Task to complete: Word for word, copy the entire listing below, but do not carry over any pictures.

Material provided:
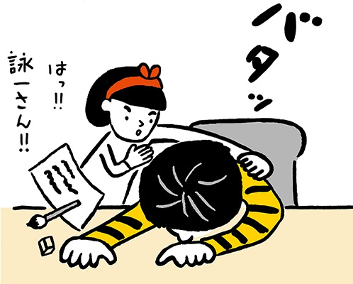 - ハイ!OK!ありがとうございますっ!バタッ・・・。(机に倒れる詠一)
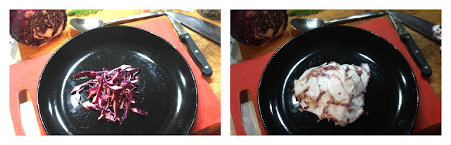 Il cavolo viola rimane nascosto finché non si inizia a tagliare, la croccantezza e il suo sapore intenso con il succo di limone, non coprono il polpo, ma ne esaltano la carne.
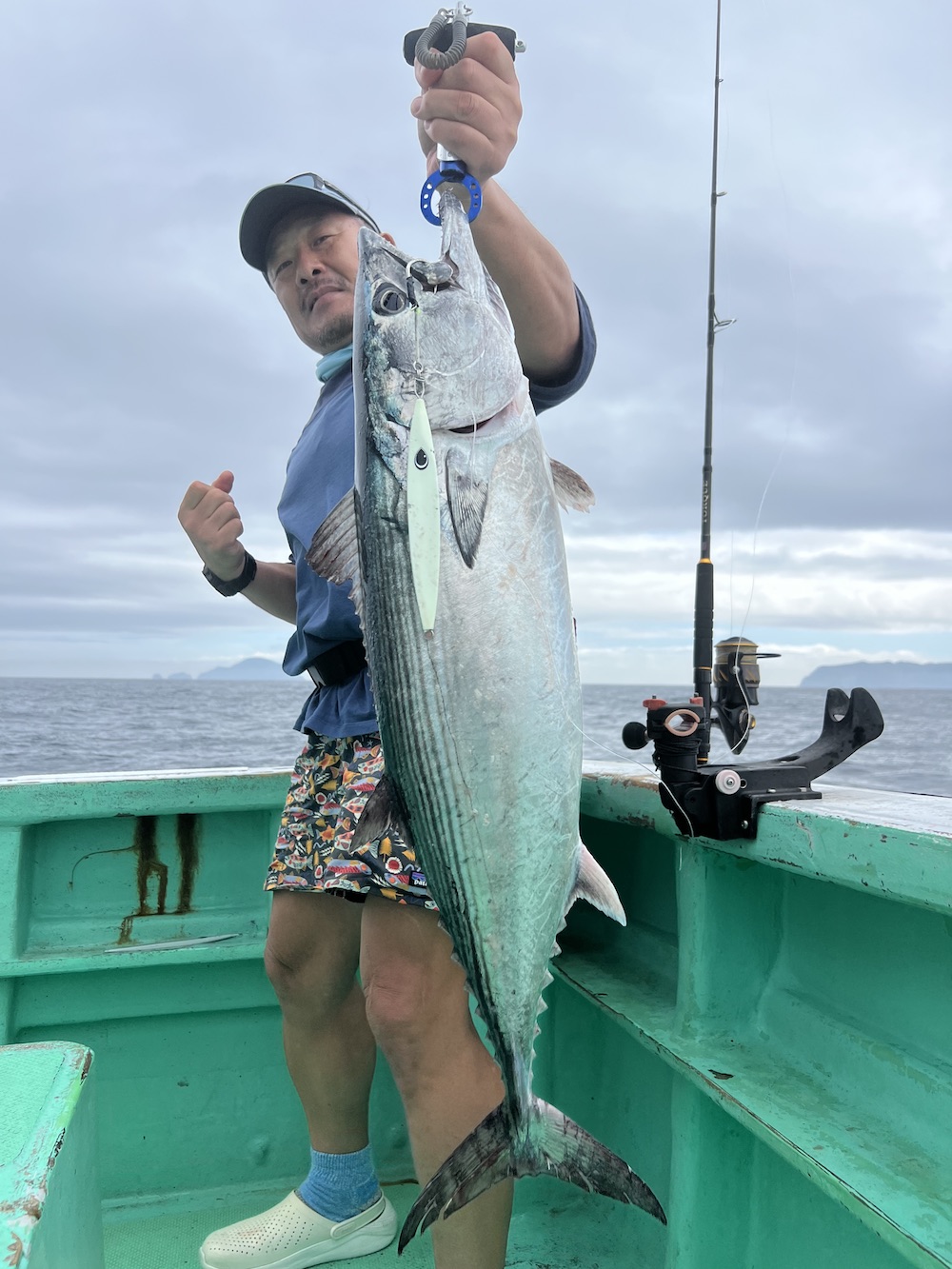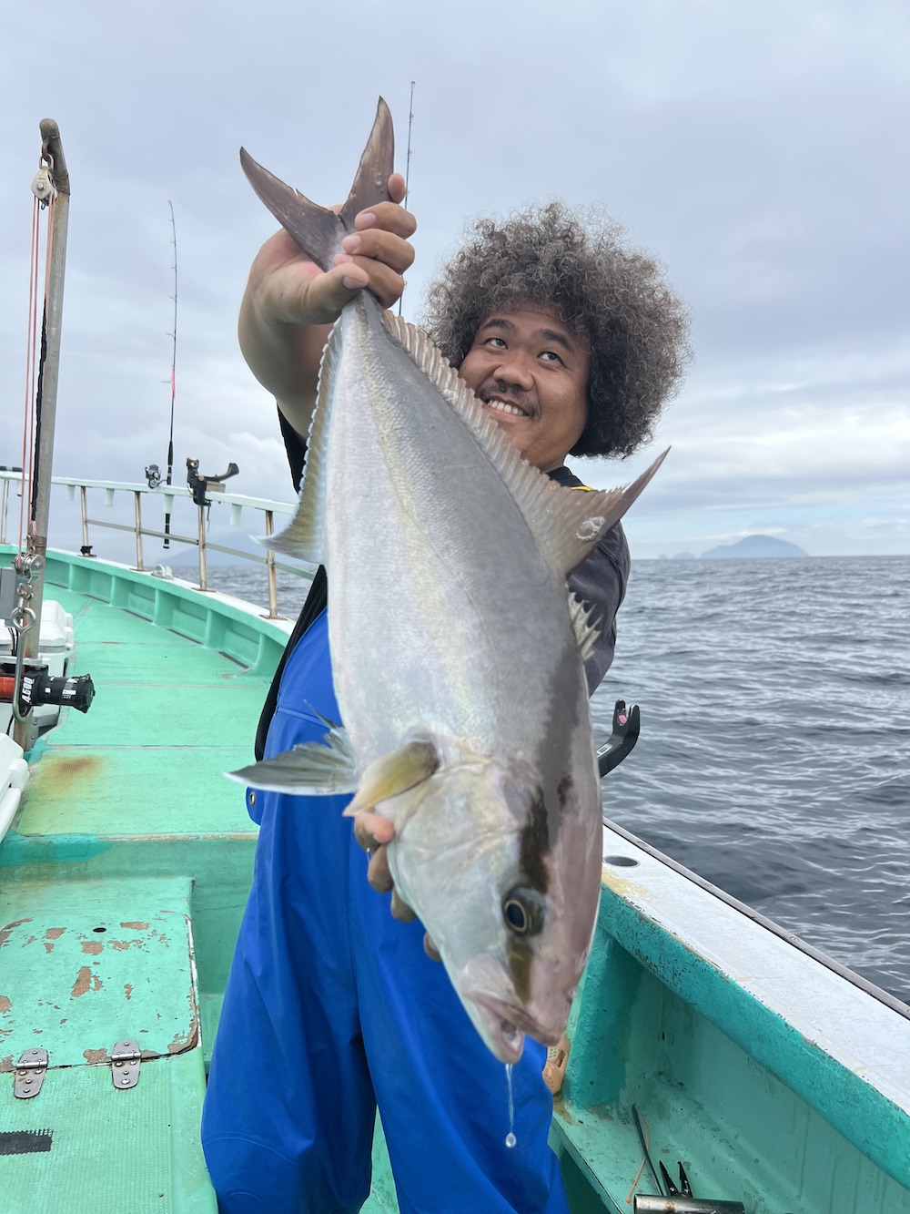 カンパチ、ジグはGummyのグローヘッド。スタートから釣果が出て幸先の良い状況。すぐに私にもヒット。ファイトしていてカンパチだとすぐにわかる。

Answer space:
 - ハイ!OK!ありがとうございますっ!バタッ・・・。(机に倒れる詠一)
 Il cavolo viola rimane nascosto finché non si inizia a tagliare, la croccantezza e il suo sapore intenso con il succo di limone, non coprono il polpo, ma ne esaltano la carne.
 カンパチ、ジグはGummyのグローヘッド。スタートから釣果が出て幸先の良い状況。すぐに私にもヒット。ファイトしていてカンパチだとすぐにわかる。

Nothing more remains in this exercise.